## THE PROBLEM
Retype, word for word, every line starting at the line with "The DFUNKT Fallen" and ending with the final line of the entries; skip the pictures.

Records from a dataset
*** Block opens ***
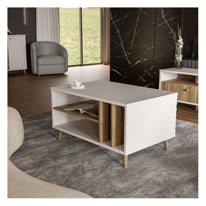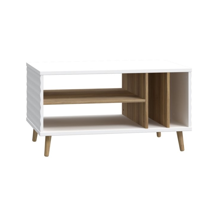 The Aksana coffee table CFTT5204-M992 from the manufacturer Forte is a stylish piece of furniture that fits perfectly into modern and Scandinavian interior design. It is 90 cm wide, 60 cm deep and 49.4 cm high, making it the perfect place for a cup of coffee, books or decorations in the living room.
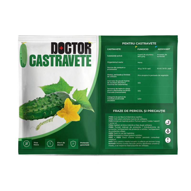 Doctor Castravete este o combinație eficientă dintre un fungicid sistemic pe bază de fosetil de aluminiu și un adjuvant special, concepută pentru protecția completă a castraveților împotriva bolilor fungice. Produsul oferă acțiune preventivă și curativă, stimulând în același timp mecanismele naturale de apărare ale plantelor.
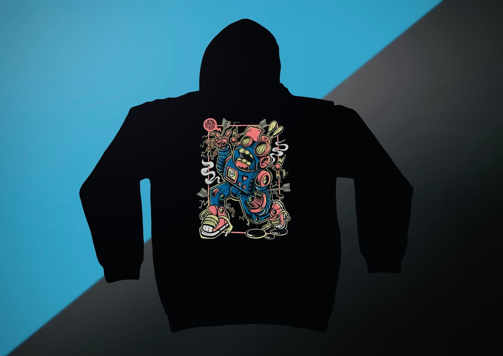 The DFUNKT Fallen Robot hoodie features a large full colour back print and left chest print, using water based, eco-friendly inks at Grey Area Ink Aberdeen.
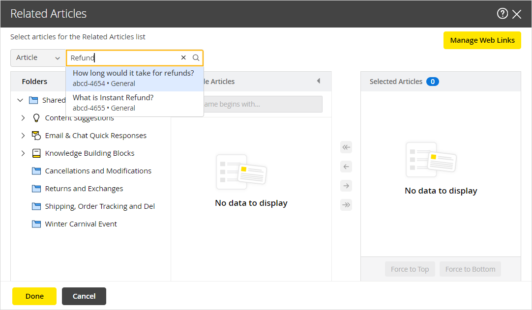 button.If you remove a web link from the Selected Articles list and click the Done button, the web link gets deleted.
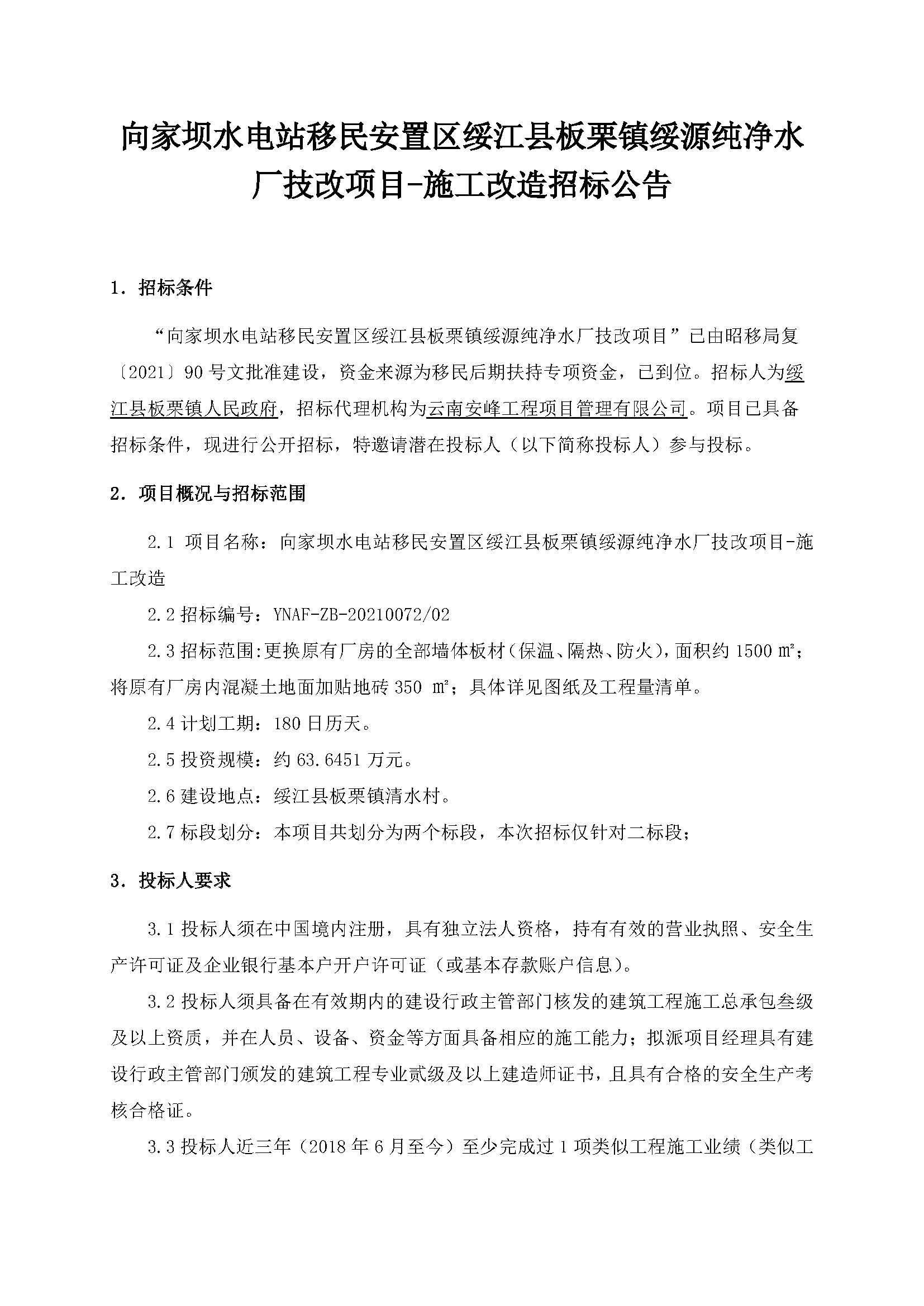 向家壩水電站移民安置區(qū)綏江縣板栗鎮(zhèn)綏源純凈水廠技改項(xiàng)目-施工改造招標(biāo)公告
*** Block closes ***
## ANSWER BOX
 The DFUNKT Fallen Robot hoodie features a large full colour back print and left chest print, using water based, eco-friendly inks at Grey Area Ink Aberdeen.
 button.If you remove a web link from the Selected Articles list and click the Done button, the web link gets deleted.
 向家壩水電站移民安置區(qū)綏江縣板栗鎮(zhèn)綏源純凈水廠技改項(xiàng)目-施工改造招標(biāo)公告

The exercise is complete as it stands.